Pau Ferro feels more like maple. Very dense and smooth. Almost feels finished even though it's not. It's like the ultimate satin finish - impervious to wear - never polishes up with use. Canary is supposed to sound more like Maple, but I can't attest to that. I have a Canary neck, but I haven't installed it yet. all I can say is the grain is a tad more open than the Pau Ferro. Not much, but it's discernible. I know it's going to sound a lot different, though, because that guitar's gonna have wildly different pickups on it, so there'll be no way to compare them tonally.
 
dNA said:
line6man said:
The problem with Maple necks is that they need a finish.

If you want Maple tonality, go with Canary or Padouk.

pah! splitting hairs. OP never expressed any particular inclination towards raw necks.

Also, you didn't recommend Pau Ferro. If i was gonna go for a raw neck comparable to maple, i'd totally gun for an all pau ferro neck - it's beautiful. Though the canary neck on my P/J is great too.

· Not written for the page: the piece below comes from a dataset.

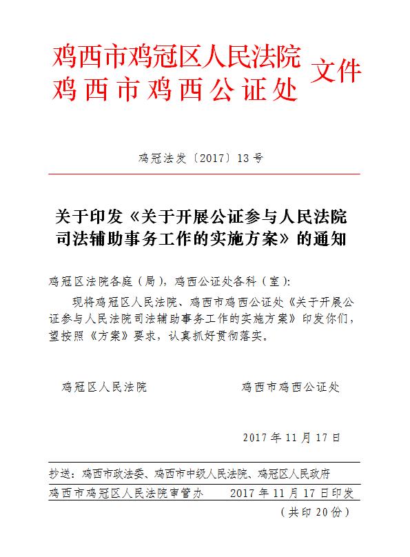 2、建立协作机制。鸡冠区法院与鸡西市鸡西公证处应当根据工作需要,定期召开联席会议,研究解决诉讼与公证对接过程中出现的问题。鸡西市鸡西公证处向鸡冠区法院派出一组由一名二级公证员和1-2名助理公证员组成的司法辅助工作组,及时解决案件审理中遇到的有关公证事宜。

Pau Ferro is a wonderful wood. I love the fingerboard on my Padouk/Pau Ferro neck. I was originally going to get a Pau Ferro neck for my Walnut/Maple/Bubinga body, but Marko insisted it would be ice picky, so I ordered Rosewood instead.
Feel-wise, it would probably be real satin-y, as Cagey suggested, because the grain is very tight.

Bloodwood is another option. I still don't understand why it is not a more popular choice. The red color means it only works on certain builds, but Padouk is clearly a more popular wood. Tonally, it should not be too far off from Maple.

 
okay.. now i have decided that i will go for an alder body and a all pau ferro neck.. another subject i'm a bit confused about is the nut.. what would you recommend? graph tech TUSQ or white corian?
 
I like the Graphtech parts because they're slippery so you're unlikely to get string hang-ups that will affect tuning. It comes in black or white, so pick what matches the rest of what you're doing. If you're using a vibrato bridge of any sort, then the LSR nut is great choice. There are other materials, such as corian or bone or whatever turns people on, but the only time the nut makes a difference in the sound you get is when you play an open string, and even then it's contribution questionable.

 
On a bass the nut material doesn't make nearly as much difference in terms of tuning, as the string tension is much higher than a guitar.
 
I forgot we were talking about a bass, so forget the slipperiness and the vibrato bridge. The open vs. fretted string thing still applies, though. So, the nut isn't a big deal. At least, less of a deal than it is on guitars. On a bass, probably the biggest consideration is whether or not the nut will hold the strings in place. Past that, you're good to go.